All that is needed is an exact copy of the lines from the beginning of the data below through the line containing "selezionare il livello", minus the pictures.

Information shown:

┌──

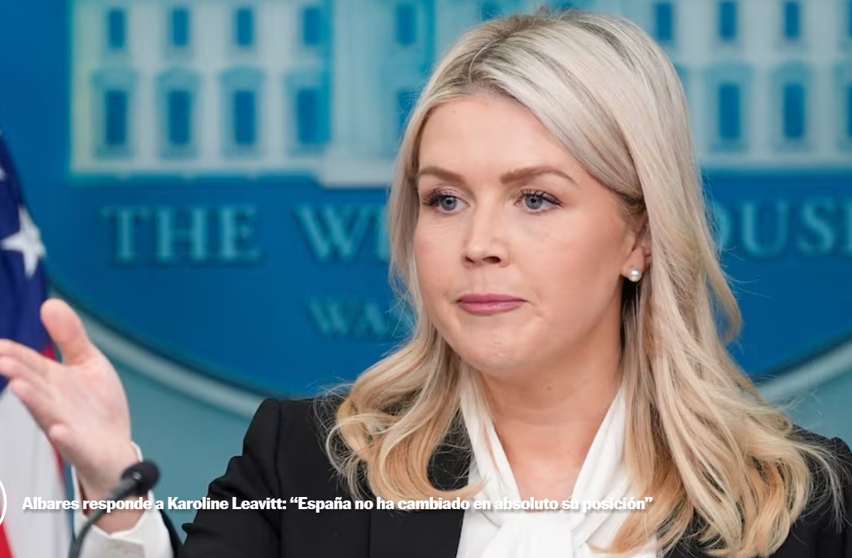 La portavoz de la Casa Blanca, Karoline Leavitt, compareció por primera vez ante la prensa este miércoles, quinto día de la guerra iniciada por Israel y Estados Unidos, para asegurar que España “se ha mostrado en las últimas horas de acuerdo en cooperar con el ejército estadounidense”. Ese cambio de idea, añadió, llega tras las amenazas de Donald Trump de represalias económicas por la negativa de Madrid a dejar que Washington emplee las bases de Morón y Rota para atacar a Irán.
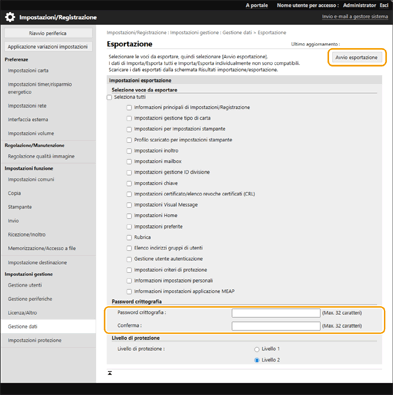 selezionare il livello di sicurezza da [Livello di protezione] fare clic su [Avvio esportazione]
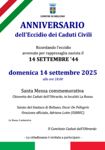 di Belluno organizzano la commemorazione dei civili caduti per rappresaglia nazista il 14 settembre 1944 alle porte della città. L’appuntamento è domenica 14 settembre alle ore 18.00 presso la Chiesetta dei Caduti dell’Oltrardo in località La Rossa (Belluno).
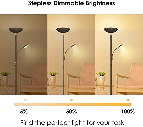 Practical Design for Multiple Use; This 3000K LED floor lamp offers versatile brightness, easy to move around or stash in a corner, saving your space; Plus, the eye-caring torchiere floor lamp can illuminate all your spaces, matching perfectly as a floor lamp for living room, bedroom, office; The sturdy gooseneck reading lamp can boost up all your cozy moment with families, pets and the precious yourself; One functional Boostarea modern floor lamp suits for all decor styles and personal hobbies

└──

Answer for this exercise:
 La portavoz de la Casa Blanca, Karoline Leavitt, compareció por primera vez ante la prensa este miércoles, quinto día de la guerra iniciada por Israel y Estados Unidos, para asegurar que España “se ha mostrado en las últimas horas de acuerdo en cooperar con el ejército estadounidense”. Ese cambio de idea, añadió, llega tras las amenazas de Donald Trump de represalias económicas por la negativa de Madrid a dejar que Washington emplee las bases de Morón y Rota para atacar a Irán.
 selezionare il livello di sicurezza da [Livello di protezione] fare clic su [Avvio esportazione]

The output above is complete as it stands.